The get_and_save function works with a tibble of locations (usually URLs) and file names, and then downloads the PDF from the location to the file name, saving as it goes, and letting you know where it is up to. It politely waits around 5 seconds between calls to the location, and skips locations that give an error.

get_and_save(
  data,
  links = "links",
  save_names = "save_names",
  dir = "heaps_of",
  bucket = NULL,
  delay = 5,
  print_every = 1,
  dupe_strategy = "overwrite"
)

Arguments

data

A dataframe that contains URLs that you want to download and the names that you want to save them as.

links

The name of the column whose values should be the URLs that you want to download, links by default.

save_names

The name of the column whose values should be the saved file names where the downloaded file will be saved, save_names by default.

dir

The directory to download files to, current working directory by default.

bucket

name of AWS S3 bucket to save files to.

delay

The number of seconds to wait between downloads, default (and minimum) is five seconds. We automatically add a bit of noise to lessen the effect on systematic processes that might be otherwise working.

print_every

The default is that you get a print message for every file, but you can change this.
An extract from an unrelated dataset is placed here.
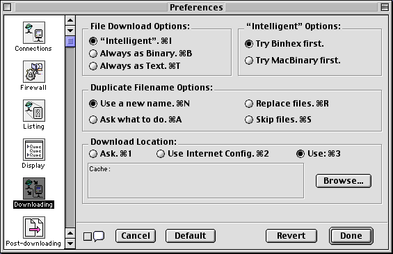 - Use Internet Config: the download location specified in Internet Config is used.

If you want to print an update for every second file then set this equal to 2, for a printed update every tenth file, set it to 10, etc.

dupe_strategy

There are a variety of ways of dealing with the situation where you already have some of the files downloaded. By default the function will just get them again and overwrite. However you can also specify 'ignore' in which case those files will be ignored. You can also investigate duplicates yourself using heapsofpapers::check_for_existence().

Value

A print statement in the console about whether each of the links was saved (if not turned off by the user), and notification that the function has finished.

Examples

if (FALSE) two_pdfs <- tibble::tibble( locations_are = c("https://osf.io/preprints/socarxiv/z4qg9/download", "https://osf.io/preprints/socarxiv/a29h8/download"), save_here = c("competing_effects_on_the_average_age_of_infant_death.pdf", "cesr_an_r_package_for_the_canadian_election_study.pdf") ) heapsofpapers::get_and_save( data = two_pdfs, links = "locations_are", save_names = "save_here" )
#> Error in is.data.frame(data): object 'two_pdfs' not found